New Neighbours and Pythons

Neighborhoods are fascinating places. If you are lucky they are an eclectic mix of society – with friendly people providing you with interesting activities – that enhance rather than interfere with your own lifestyle. I’m lucky. That’s exactly what I have in my neighborhood.

But sadly, the circle of life means that occasionally a neighbor leaves the district. But, that also means, a new one will soon be replaced. And Oh, the speculation of seeing the likely newbies come and inspect the vacant house – and the tension surrounding the likelihood of young or old, rich or poor, with or without kids, gardeners or non …..All to be revealed as tidbits of information to be relayed around the network drums.

We had new neighbors arrive across the street a few days ago, and being a friendly (and inquisitive) neighbor myself, was keen to meet, and greet them.
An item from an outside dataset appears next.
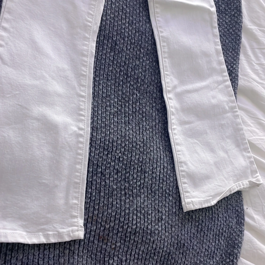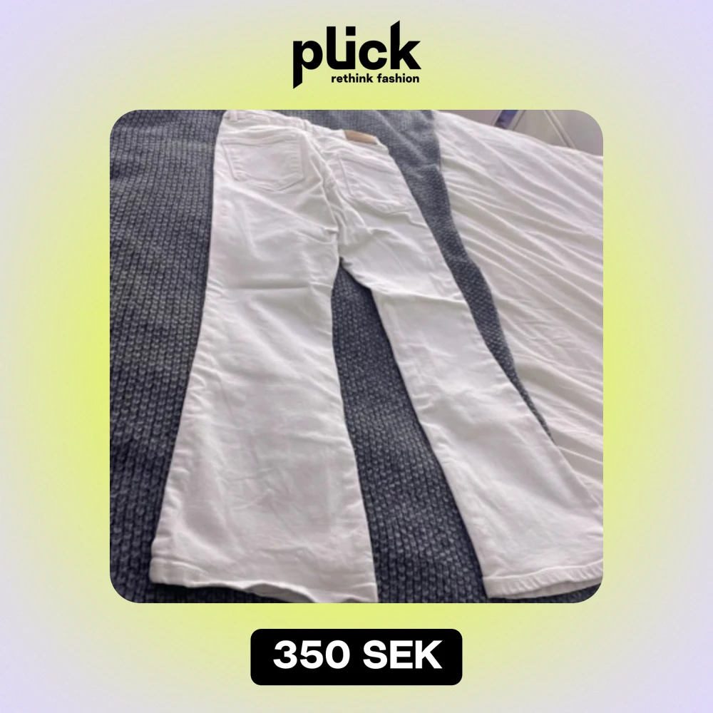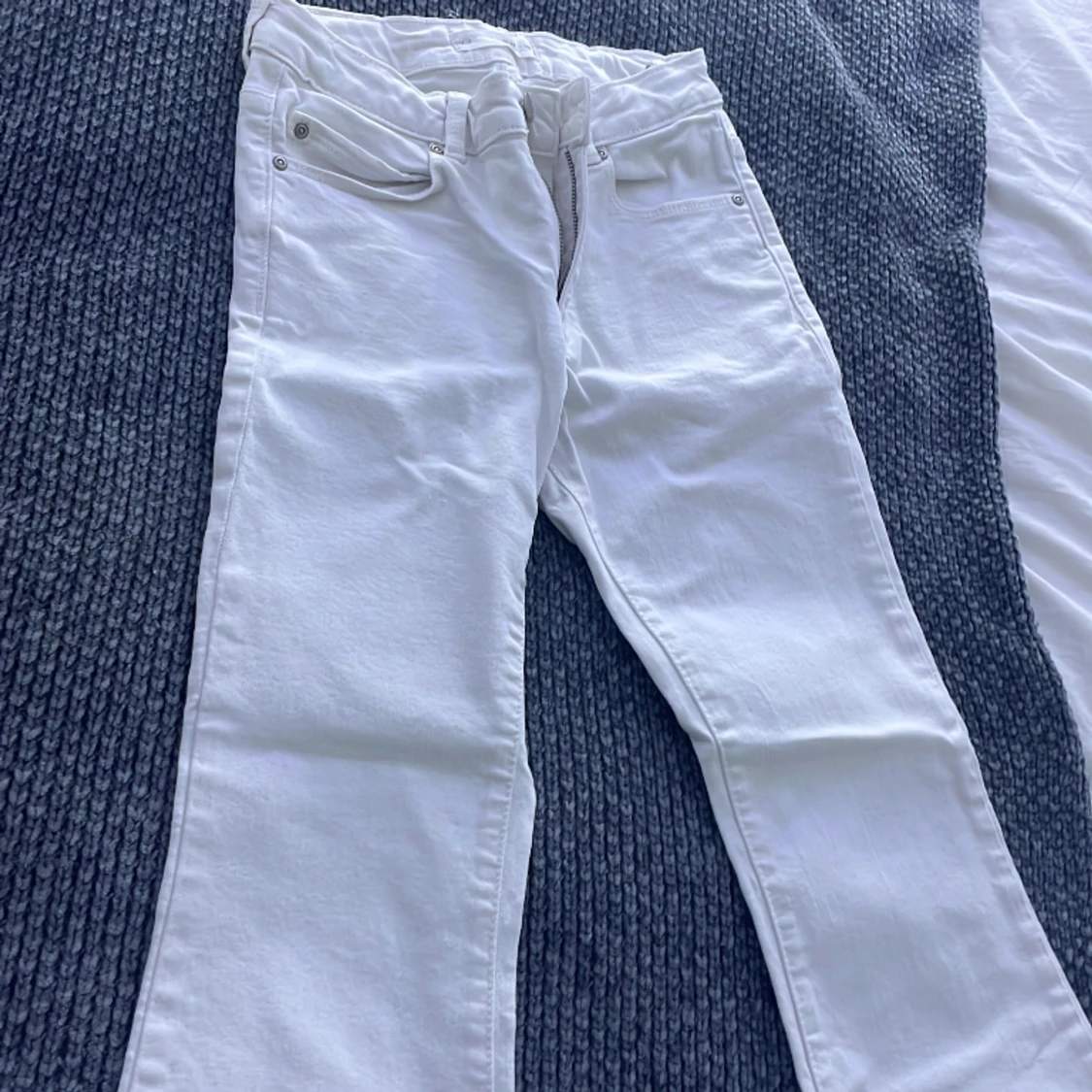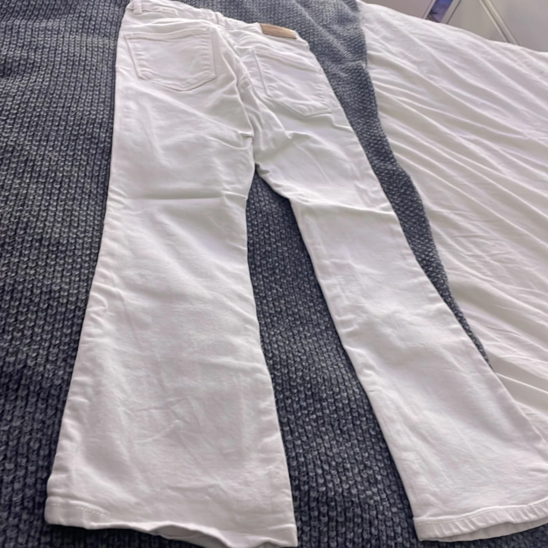 Det är vita utslängda jeans helt nya aldrig andvänt pg av att dem va för små. Ordinarie pris är 500 kr men säljer för 350

With a spate of rainy weather, this got put off day by day. So this morning, joy of joys, the opportunity finally arrived.

Introductions were made, names exchanged, and a little info related that they had grown kids, living from home (So no noisy teenagers with drumkits or motorbikes – Tick.) They had lived a number of years in England, the land of my birth – Ah we immediately had something in common and would be able to whinge knowingly about the governments – Tick). And, for the present at least, she was a stay-at-home wife – so occasional coffee mornings were assured – Double tick). Oh boy, I could see a long and flourishing friendship forming.
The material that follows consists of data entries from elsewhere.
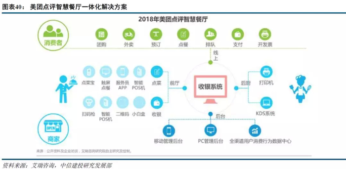 美团C端更全面的数据让商家更懂消费者,这是美团餐饮领域最大优势。如飞鹅、掌单、餐道等细分领域的提供商无法独立发展业务,会挑选带来最广客户群体的平台加入其中。美团点评是在餐饮上半场积累了最多的商户和顾客资源,因此在做大做强生态方面具有先发优势。专精细分技术服务可提高美团RMS的壁垒,获得更多稳定经营的餐饮大户。更多的合作商家意味着更多盈利,形成良性循环,发现更好的SaaS提供商并进一步提高壁垒。,
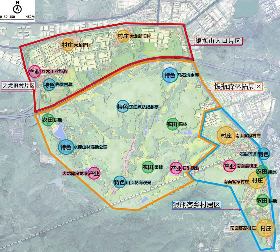 计划实施大龙旧村片区、银瓶山出入口片区、银瓶客乡村居区、森林户外拓展区和环境综合整治5大建设内容,共约35个分项目。
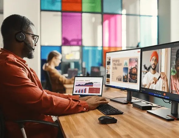 Metti fine ai problemi di comunicazione con le cuffie VoIP wireless Lenovo. Certificate per Microsoft Teams Open Office e ottimizzate per piattaforme UC, queste cuffie offrono una qualità vocale eccezionale e ti permettono di essere sempre ascoltato forte e chiaro durante le chiamate.
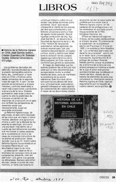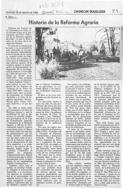 Historia de la Reforma Agraria en Chile [artículo] JMW.
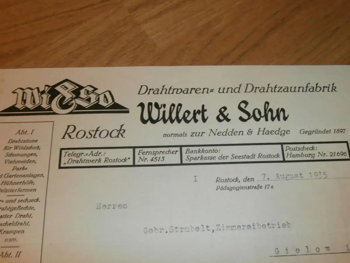 Drahtwaren- und Zaunfabrik , - Willert & Sohn in Rostock , 1935 , vorm. Nedden & Haedge , Mecklenburg , altes Dokument !AZ9-Z/1
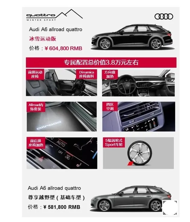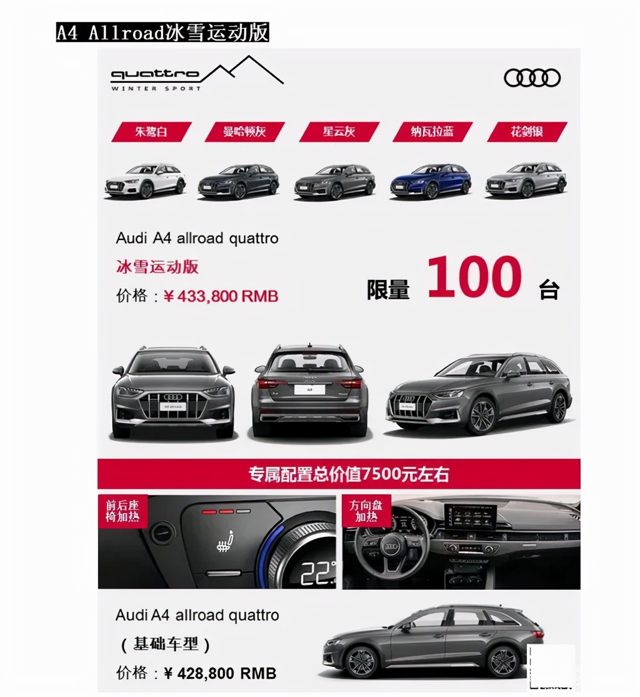 奥迪及时推出了奥迪A4 allroad冰雪运动版及奥迪A6 allroad冰雪运动版。其中奥迪A4 allroad冰雪运动版限量100台销售,售价43.38万元。奥迪A6 allroad冰雪运动版限量300台销售,售价60.48万元。
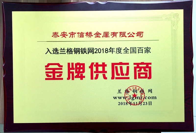 會議過后后,是眾多鋼企,鋼貿(mào)商期待的頒獎環(huán)節(jié),泰安市信橋金屬有限公司再獲殊榮,榮獲蘭格網(wǎng)“2018年度全國百家金牌供應(yīng)商稱號”。頒獎現(xiàn)場熱鬧非凡,參會人員倍感榮幸。
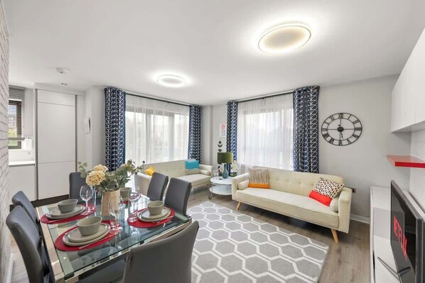 Spacious living/dining area with comfortable sofas and extra-large TV for relaxation after a busy day.

Then we got to interests. And the clanger crashed.

She collects snakes! And just in case you missed it – SHE COLLECTS SNAKES!

Now, I am not an avid Christian, but I am sure Noah had a mental relapse when he allowed reptiles into the Arc along with the other animals two by two. Surely any animal without legs has no right to be considered a pet. Yet she told me that among other reptiles – SHE HAS FOUR PET PYTHONS.

I would write more – but I must ring the real estate agent before they close.

A 5 bedroom rambling cottage with an unruly garden will be on the market very soon. There is NO WAY I’m going outside again unless I can jump straight into a car. I HATE SNAKES.